Published by Harper Collins
Released: November 2012
Reviewed by Shane Pinnegar
7/10

KISS’s legendary “Catman” promises “to deliver an unvarnished and eye-opening personal tale of sex, drugs and rock n’ roll” with this bio, in collaboration with Larry “Ratso” Sloman, a veteran of similar books with Red Hot Chilli Pepper frontman Anthony Keidis and magician David Blaine.

It’s graphic, that’s for sure, detailing his childhood as Peter Criscuola, through his rebellious teen years running with gangs and brawling, to joining KISS and their meteoric rise to being the biggest band in the world.

Along the way drugs, booze, egos and assholes enter the picture and all manner of madness is going down nightly.  Criss is happy to share all this matter-of-factly, treating the book like one of his AA meetings or group therapy, perhaps, which is fine, though there’s not a lot of remorse shown for his more selfish excesses – hitting women, for example, is the fault of his drug use.  Though he declares that he is sorry, there’s always a twinge of doubt in there when he returns immediately to sharing the more sordid details of his decadence.

Most readers are going to be picking the book up to read about his former band, of course, and let me tell you right now, there is a LOT of bitterness still there.

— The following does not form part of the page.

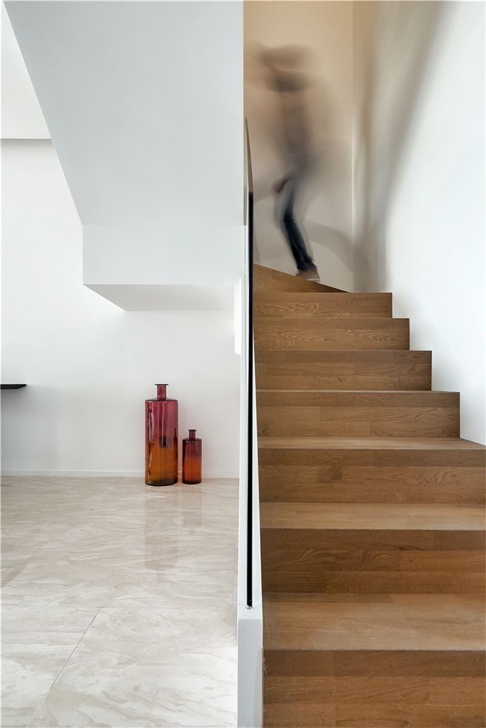 ▲小型的复式空间,楼梯往往被看待成一种急需解决的病症,“大刀阔斧”之后往往陷入新的尴尬境地。平衡上下层的功能流线关系,原有楼梯设定即是合理,巧妙的处理扶手与踏步的关系成了关键细部。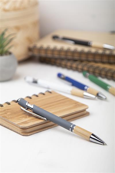 Aluminiowy długopis z końcówką do ekranów dotykowych, z bambusowym uchwytem i gumowanym wykończeniem. Ze specjalną powłoką pod grawer lustrzany. Z niebieskim wkładem.

Criss has axes to grind, and grind he does – Gene Simmons is a “lying fuck”, Paul Stanley doesn’t fare much better, being basically outed by Criss as gay (though without any definitive evidence, it must be noted, unless shopping for drapes and a penchant for interior decoration counts), the band’s managers and record label bosses were almost without exception coke fiends and assholes, one of whom, Doc McGee, “can go eat a bag of dicks”.

Even his blood brother, guitarist Ace Frehley, for whom Criss repeatedly professes undying love, is a greedy asshole who betrayed him (not to mention implying some bedroom shenanigans happened involving Criss’s manhood and Frehley’s mouth!). His bitterness over Frehley’s “betrayal” seems to stem from the one getting paid more money than the other per show on the band’s reunion tour… it doesn’t seem enough to warrant the vitriol on offer.

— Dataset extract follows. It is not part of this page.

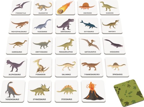 Pexeso je klasická hra pro všechny věkové kategorie. Hledej stejné dvojice kartiček. Vítězí ten, kdo najde nejvíce dvojic. Pexeso cvičí soustředění a dobrou paměť. Hra je ideální jako rodinná hra, při které mají malí příležitost zvítězit nad většími. Hra obsahuje: 24 dvojic - celkem 48 kartonových kartiček, návod ČESKÝ VÝROBEK od české firmy Dino Toys. Společnost Dino Toys spolupracuje s významnými výtvarníky, grafiky a vynálezci. Klade důraz na nejvyšší kvalitu obsahu, výtvarného zpracování a technického provedení jednotlivých výrobků. Tato firma se zabývá nakladatelskou činností v oblasti her, puzzle a obrázkových kostek.

He feels unjustly tainted by the ‘drug addict’ brush following the events of the Seventies, even when he was still using in the Nineties.  Again, there is a child-like refusal to admit where he’s at fault, and that there are repurcussions to his actions.

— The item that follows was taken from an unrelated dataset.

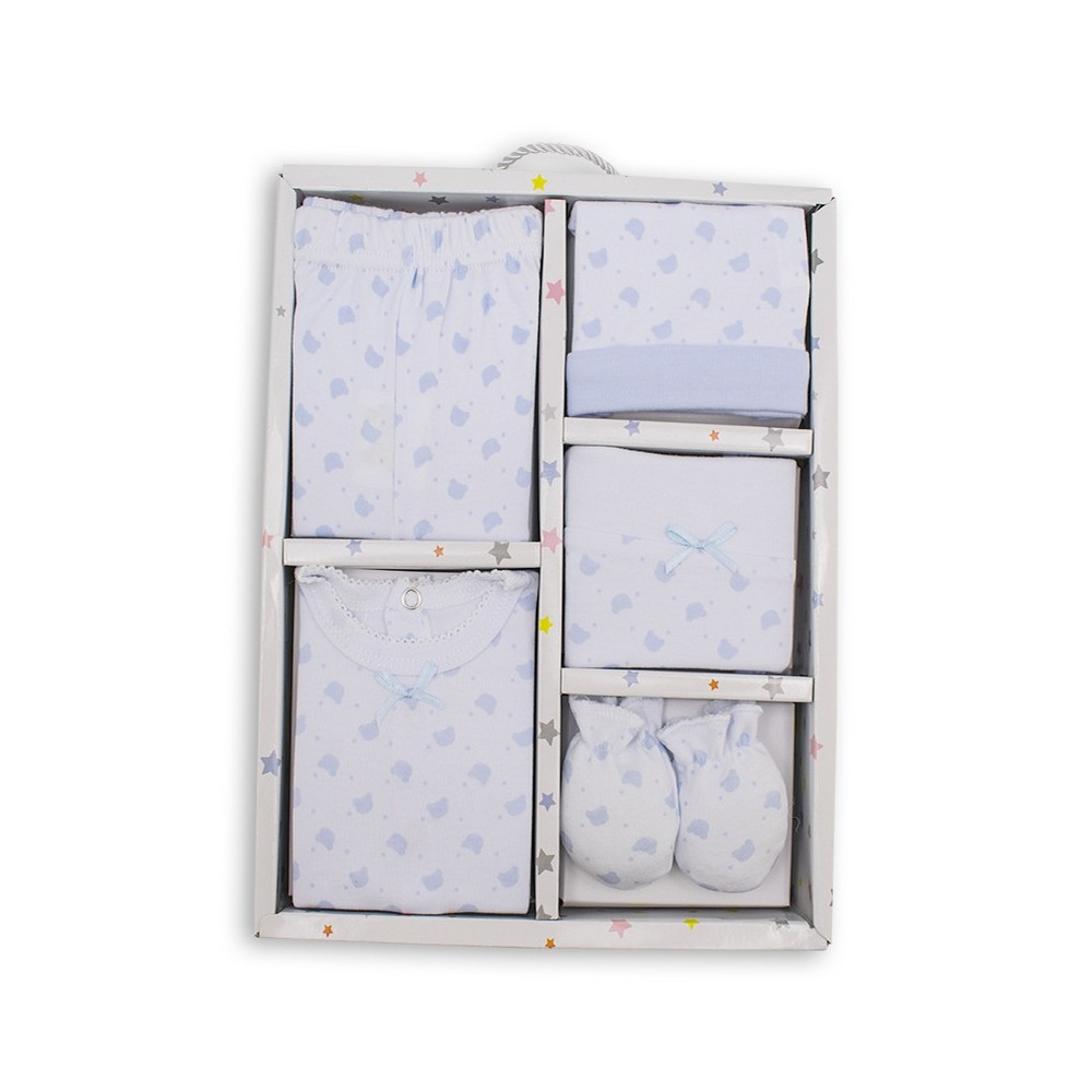 Замечательный трикотажный комплект для новорожденного малыша изготовлен из 100% хлопка. Ползунок на резинке довольно свободный и не сковывает движения малыша, шапочка с отворотом, свитер застегивается на спинке кнопками, слюнявчик на липучке, царапки на тоненькой резинке. Трикотажное полотно с веселым детским принтом. Комплект упакован в подарочную коробку.

More recently Criss married his soulmate, and successfully beat breast cancer, though even here he struggles to find forgiveness – his KISS bandmates “never even sent a get well card”.  Even his dentist donated money to a charity he was supporting, whilst his former band didn’t, he spits angrily.  When he found the news about the cancer he also admits to treating his wife terribly and they almost broke up, so it seems he may not have learnt enough lessons from his former mistakes…

There’s no denying that if even only half of this actually happened as described, that Simmons and Stanley could rightly be considered selfish, greedy and manipulative, though there are precious few people (fans included) who are going to be surprised at this news (Simmons famously and braggingly named his solo album Asshole, after all).  Never-the-less, this reviewer found sympathy for Criss after putting the book down.  He may not have learnt enough from all those mistakes, but he seems to be genuinely trying, and his treatment by his ex-band members certainly constitutes emotionally abuse.

Criss was nicknamed “the complainer” whilst in KISS, and if you can sidestep his whinging throughout Makeup To Breakup, then you should find it an enjoyable and eye-opening read.  For all it’s self-involvement and narcissism, he does seem to be brutally honest and forthright, and although Criss desperately wants to be liked, whether we do or not is irrelevant to enjoying reading about his experiences with his bandmates and on the road with KISS.